Mummy has taken her to the hospital
a few times since. Once, she fell out of the apple tree, breaking her arm. Another time, she tripped
on the pavement and a doctor put spiky
black stitches in her head to keep the blood in. On each visit, the size and smell of the hospital gave her a
bad feeling that did not go away until she and her mother were home
again, together. Could Mummy and Suzanne have gone to the hospital now? People
take cases to hospital. She helped to pack tiny clothes for the baby.
Clattering a knife and fork down
in front of her, her father breaks his silence. 'Aunt Edna will be
coming tomorrow to look after us.’
'I know. I heard you on the phone.'
'Did you?' He frowns.
'She came when Suzanne was born,'
Alison offers.
'You remember that?'
'Yes.' A blurred picture flashes
into her mind of someone tall, thin and tight-lipped. 'Have Mummy
and Suzanne gone to the hospital now?'
'No. Not to the hospital.'
She has known that all along,
really. She twiddles a strand of her hair, remembering not to make
Daddy any more cross by sliding her thumb into her mouth, as she wants
to do. She glances across to where he stands by the cooker, his back
to her. Next to him, on the worktop is the jar that holds the wooden
spoons, the ladle, the big kitchen scissors with the orange handles...
slowly, she traces the edge of the table with her thumb. Then, as
though her foot has slipped on the stairs, she recalls with a thud
what it is about Aunt Edna.
She fingers the back of her head,
remembering the plaits her mother once let her grow so that she could
be like the girl on the cover of her ABC book. The girl who lay on
her tummy, smiling, reading an ABC book, which had a girl
on the cover, smiling ... all the way down to the tiniest dot. Alison fell in love with the picture. She wanted so much to be that
girl. She waited
impatiently until her hair was
at last long enough to be plaited and tied with pretty ribbons.

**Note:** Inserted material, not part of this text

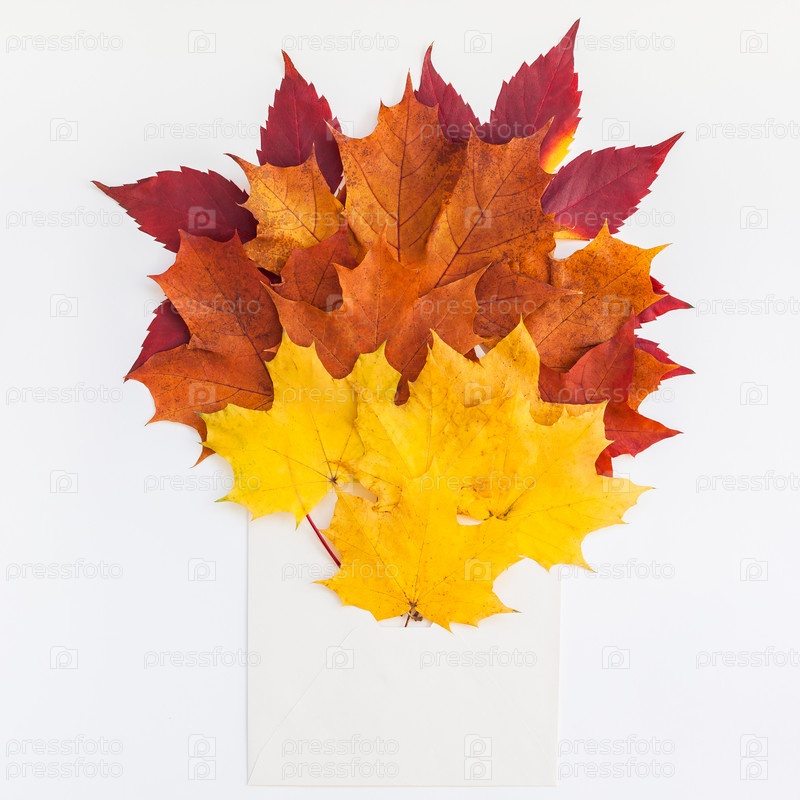 Осенние листья в макете бумажного конверта
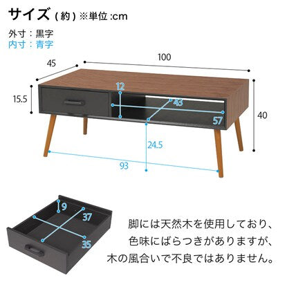 スタイリッシュなオープンスペース付きセンターテーブル 幅100cm(BR/BK)

'There, you'll look a real big
sister for the baby with those,' Mummy said.
Now Alison remembers Mummy going
off to hospital with Daddy. And Aunt Edna coming. There was no-one
else in the house. Aunt Edna sat her on the kitchen table and grabbed
hold of one of her plaits, then the other, with a tut. And then there
was the swishing noise that ended in a click. She hadn't realised
it was the sound of the big scissors with the orange handles until
she saw Aunt Edna holding up her chopped-off plaits. Her hands go
to her head now as they did then. She remembers feeling the scratchy
little ends of hair. She hears herself screaming, 'Put them back!
Put my plaits back!' But Aunt Edna dropped them in the bin. And when
Alison rushed across to get them back, her lovely glossy plaits, all
she could see were little twists of dark hair, still tied in their
ribbons, lying on the mess of tea leaves and potato peelings. She
remembers how thin and bony Aunt Edna's arm felt as her teeth closed
on it. Then the sharp sting on her legs, the first slap she ever experienced.
And the ABC book which she never touched again, once she'd scribbled
out that smiling girl on the cover.
'I remember Aunt Edna,' Alison
says, as her father turns off the hotplate.